Pierre Girard - Connaissez mieux le coeur des femmes



On déjà dit tout le bien que l'on pensait de Pierre Girard, écrivain suisse francophone oublié, même si les éditions de l'Âge d'Homme continuent courageusement de rééditer certaines de ses oeuvres. On vient de terminer un de ses livres, doté d'un titre étrange comme notre auteur les affectionnent : Connaissez mieux le coeur des femmes. L'on y suit les aventures de Paterne, un grand benêt de 33 ans resté prisonnier du carcan imposé par son oncle et sa tante (voir plus bas). Un jour, par la grâce d'un oncle excentrique, il va s'ouvrir à la vie et découvrir l'amour - enfin, presque -, hésitant entre la rousse Patsy et la blonde Speranza. C'est un ouvrage délicieux, plein de fantaisie et de délicatesse, de poésie et de culture, où l'on retrouve le style et l'univers si particuliers de Girard. En cherchant des informations sur ce petit roman, on s'est aperçu qu'il était apprécié de Walter Benjamin et Daniel Rops. Il devait falloir s'appeler Pierre Girard pour trouver un point de convergence entre Rops et Benjamin...

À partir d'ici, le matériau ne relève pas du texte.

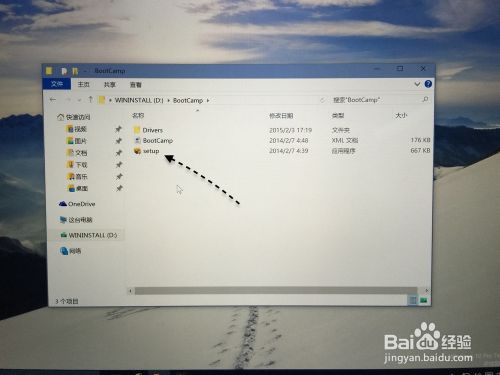 在安装好以后,请打开 U 盘启动盘,在 BootCamp 目录下,双击打开 Setup 安装程序,可以为 Windows10 安装 Mac 电脑的硬件驱动。

Voici les deux premiers paragraphes du livre :

Jusqu'à trente-trois ans, Paterne n'avait pas eu la permission de parler à table, de fumer le matin, et de lire autre chose que les romans de M. Estaunié. Dans la salle à manger glacée, dont jamais faisans ni langoustes ne franchissaient le seuil, Paterne entrait le dernier, après la tante Augustine, et après l'oncle Abraham. Tante Augustine ressemblait un peu à Dante, à un Dante qui n'aurait pas écrit, à un Dante occupé toute la journée à martyriser des bonnes et à retirer les clés des armoires. Par un ingénieux système, Tante Augustine pouvait, de sa chambre, quand il lui plaisait, couper l'électricité pour toute la maison, comme un capitaine de sous-marin. A dix heures du soir, c'était l'obscurité. Paterne, d'ailleurs, était toujours couché à ce moment. Parfois, mais rarement, il allumait un bout de bougie, pour lire, en cachette, le Marquis de Sade. Les chaussette violettes, les longues soirées dans les bars, les coulisses des petits théâtres étaient tout autant de choses inconnues de Paterne.
Paterne ne devait sortir le soir qu'avec l'oncle Abraham, qui était abstinent, et qui ne parlait qu'en rugissant. Ils faisaient de grandes promenades dans la ville, regardant toutes les boutiques de modes, désertes, mais éclairées. Devant les cafés, l'oncle exigeait que l'on s'arrêtât de respirer, comme pour traverser une zone mortelle. Paterne saisissait la main de l'oncle, et d'un seul élan, on passait, heureux de se retrouver sains et saufs de l'autre côté.